Residential nursing providers already using the tool in neighbouring Warwickshire and Coventry have claimed it is a “struggle to use.”

And now it’s been rolled out in Worcestershire fears have been raised that data entered online may be used for punitive measures if it shows homes are not meeting the quality assurance mark demanded by clinical commissioning groups.

The package – known as Care Homes Dashboard – has been developed by NHS Arden Commissioning Support in partnership with Wyre Forest Clinical Commissioning Group (CCG), Redditch and Bromsgrove CCG and South Worcestershire CCG, to “monitor, manage and improve standards of care.”

But so far it has failed to win universal support in pilot areas.

Criticism has also come from the regional Care Association for Worcester with many managers and owners feeling it’s yet another hurdle that the industry would have to jump for no additional rewards.

Some of the homes in Warwickshire and Coventry have been using the Dashboard tool and frankly, have found it to be hard work.
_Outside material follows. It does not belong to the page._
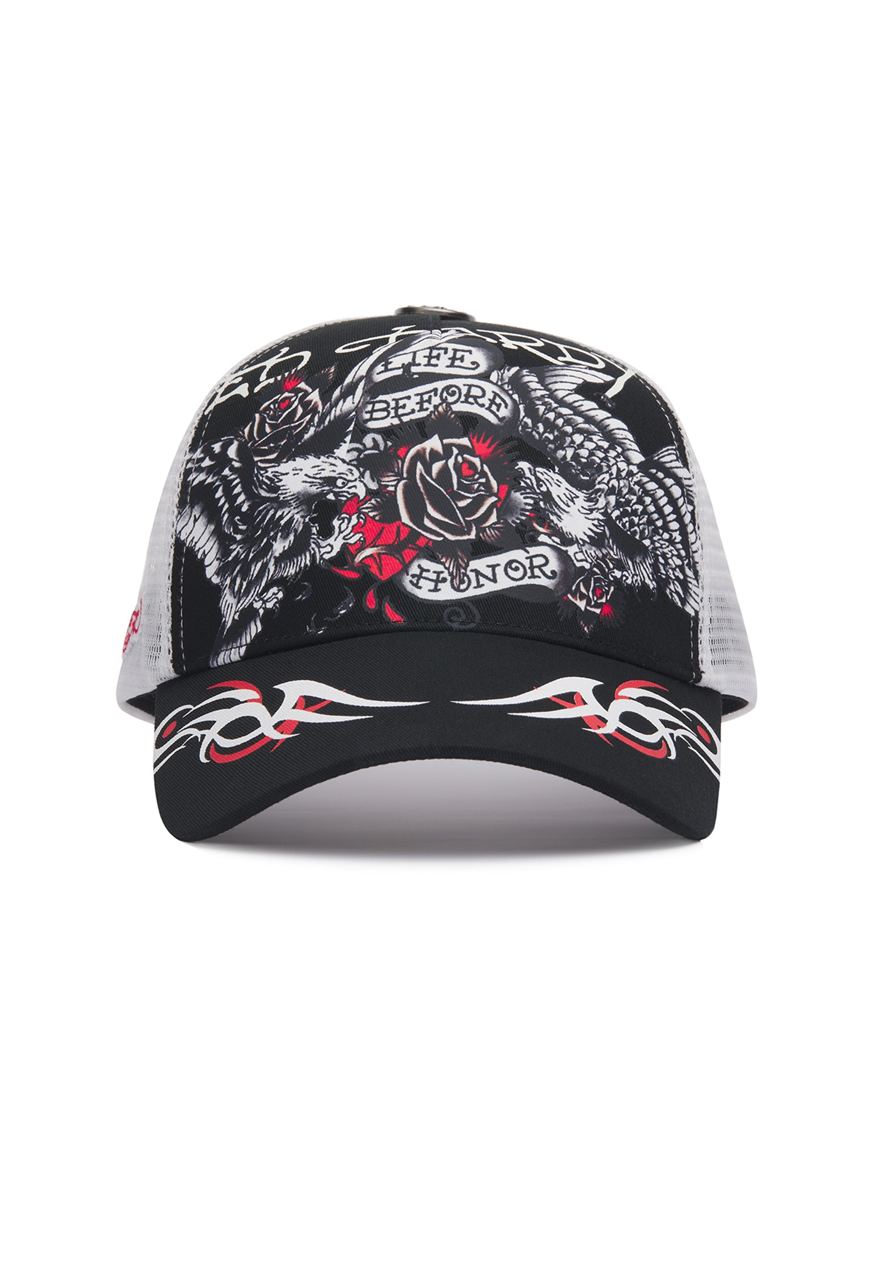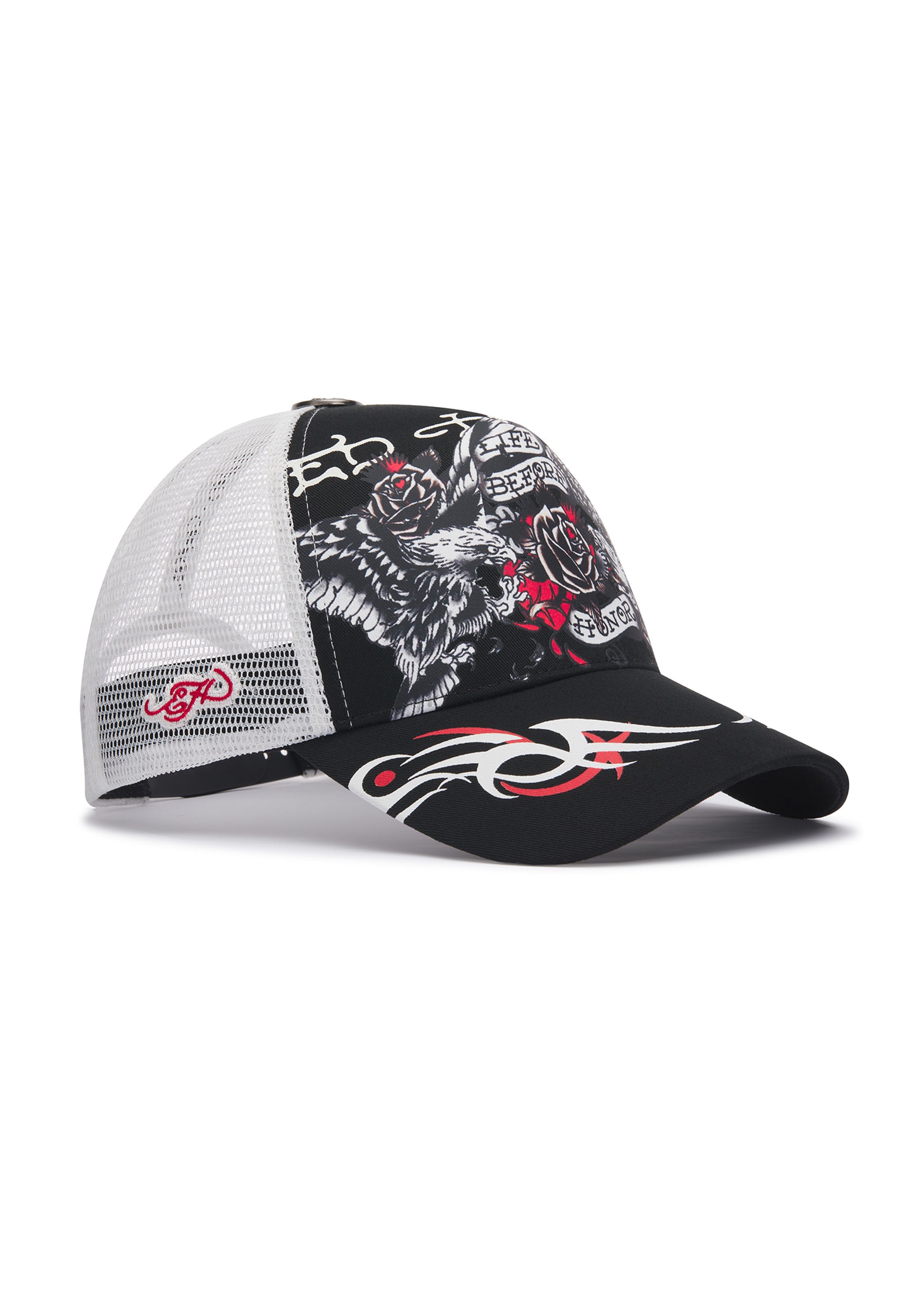 Unisex Life Before Tattoo 5 Panel Trucker Cap in Black/White

In a blame culture, homes are concerned, that despite the CCG saying it would not use the data for punitive methods, it wouldn’t be the case

I’m concerned too that my members are already swamped with Care Quality Commission ‘must-do’ tasks, and while I appreciate the Dashboard is aimed at being proactive, it’s yet another tier of data management that managers and owners are expected to fit in to their already overcrowded work schedules.

Sadly, although West Midlands Care Association represented a huge swathe of providers, it had not been involved with the development of the Dashboard.

The Dashboard claims to provide assurance on a range of local and national clinical key performance indicators, such as infection control, falls, pressure ulcers and hospital admissions.  It also includes a confidential ‘Serious Incidents’ and a ‘Never Events’ reporting portal, where providers can alert a local patient safety team of an incident in their home.

My Worcester colleagues sum it up admirable: More work – no extra pay.